BACA: Sensasi Café Aone Trawas, Serasa di Atas Awan
Pengunjung pasangan suami istri, Suparmi dan Sukir, mengatakan keduanya memesan kikil gendheng yang dinilai berbeda dari masakan kikil pada umumnya.
"Bedanya itu ini lebih besar dan lebih mantap, tidak sama dengan yang telah dipotong kecil," kata Sukir, Sabtu siang, 4 Mei 2024.
Pengunjung menikmati makanan tradisional Pawon Sego Lego yang dimasak dengan kayu bakar, Sabtu, 4 Mei 2024. Foto: Karina Norhadini
"Tempatnya juga enak seperti di pedesaan, seperti makan di area sawah," kata Suparmi.
Untuk menikmati kikil utuh dengan daging kaki sapi itu, pengunjung harus merogok kantong sebesar Rp100 ribu dengan satu kikil, belum termasuk nasi yang bebas mengambil ditambah sayur mayur.
"Harganya sesuai dapat dimakan 4 orang," katanya.
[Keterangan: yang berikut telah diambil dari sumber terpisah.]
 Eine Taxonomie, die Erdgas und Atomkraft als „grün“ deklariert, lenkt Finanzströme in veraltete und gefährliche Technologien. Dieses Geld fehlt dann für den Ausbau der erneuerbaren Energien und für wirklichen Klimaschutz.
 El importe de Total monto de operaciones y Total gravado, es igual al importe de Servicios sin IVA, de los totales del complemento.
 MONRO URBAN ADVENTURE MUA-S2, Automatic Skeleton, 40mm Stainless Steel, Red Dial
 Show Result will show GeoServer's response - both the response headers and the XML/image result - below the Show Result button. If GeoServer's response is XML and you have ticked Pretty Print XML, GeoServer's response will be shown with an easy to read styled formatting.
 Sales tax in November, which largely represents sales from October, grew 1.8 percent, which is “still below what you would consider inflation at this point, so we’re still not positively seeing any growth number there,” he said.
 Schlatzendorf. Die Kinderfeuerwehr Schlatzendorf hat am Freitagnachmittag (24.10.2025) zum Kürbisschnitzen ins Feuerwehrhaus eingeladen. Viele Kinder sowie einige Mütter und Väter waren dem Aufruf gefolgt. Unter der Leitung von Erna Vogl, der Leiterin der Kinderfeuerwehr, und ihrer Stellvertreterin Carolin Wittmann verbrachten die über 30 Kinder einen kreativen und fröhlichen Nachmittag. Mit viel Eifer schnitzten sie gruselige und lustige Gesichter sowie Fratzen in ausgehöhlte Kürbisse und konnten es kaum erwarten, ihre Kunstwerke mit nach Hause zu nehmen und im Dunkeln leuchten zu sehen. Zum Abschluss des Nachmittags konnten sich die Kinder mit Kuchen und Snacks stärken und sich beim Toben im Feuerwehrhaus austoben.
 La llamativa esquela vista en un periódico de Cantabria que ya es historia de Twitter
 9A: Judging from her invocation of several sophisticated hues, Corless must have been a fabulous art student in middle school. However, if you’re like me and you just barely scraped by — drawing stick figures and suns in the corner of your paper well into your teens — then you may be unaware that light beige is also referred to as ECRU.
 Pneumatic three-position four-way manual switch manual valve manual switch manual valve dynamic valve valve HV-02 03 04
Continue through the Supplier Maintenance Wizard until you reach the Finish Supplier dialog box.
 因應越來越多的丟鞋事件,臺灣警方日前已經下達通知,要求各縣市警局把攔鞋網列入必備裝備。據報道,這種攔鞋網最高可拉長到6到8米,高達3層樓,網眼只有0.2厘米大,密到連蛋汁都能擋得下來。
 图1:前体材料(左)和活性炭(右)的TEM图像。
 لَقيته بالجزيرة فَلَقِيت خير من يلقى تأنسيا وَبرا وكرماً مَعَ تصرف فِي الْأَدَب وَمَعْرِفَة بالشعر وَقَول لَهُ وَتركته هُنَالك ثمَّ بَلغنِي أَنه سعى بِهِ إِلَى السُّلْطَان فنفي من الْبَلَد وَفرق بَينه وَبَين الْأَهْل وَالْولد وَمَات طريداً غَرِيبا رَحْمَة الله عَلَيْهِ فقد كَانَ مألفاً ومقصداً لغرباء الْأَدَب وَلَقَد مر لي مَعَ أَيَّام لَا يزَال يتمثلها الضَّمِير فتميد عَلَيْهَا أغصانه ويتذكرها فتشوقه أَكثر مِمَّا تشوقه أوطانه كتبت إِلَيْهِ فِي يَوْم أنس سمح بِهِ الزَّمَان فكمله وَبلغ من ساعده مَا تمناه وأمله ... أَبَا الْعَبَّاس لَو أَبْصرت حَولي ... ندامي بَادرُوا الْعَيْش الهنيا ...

BACA: Ini Rekomendasi Tempat Nongki di Pacet Mojokerto
Sementara itu, pemilik warung Pawon Sego Lego, Agung Sugiarto, menjelaskan ia sengaja mengambil konsep etnik pedesaan agar para pengunjung yang menyantap makan serasa seperti di kampung halaman.
"Ini semua bangunan terbuat dari kayu etnik primitif, terbuat dari kayu sampah, bukan kayu baru," katanya.
Sedangkan menunya dimasak oleh sejumlah pemasak dengan menggunakan kayu bakar sehingga memiliki rasa yang berbeda.
"Makananya diolah dari kayu bakar, jadi natural agak bau-bau sangit," katanya.
Kini, rumah makan yang baru buka belum genap satu bulan ini kerap dikunjungi wisatawan yang memang berniat makan maupun kembali pulang dari wisata ke Trawas.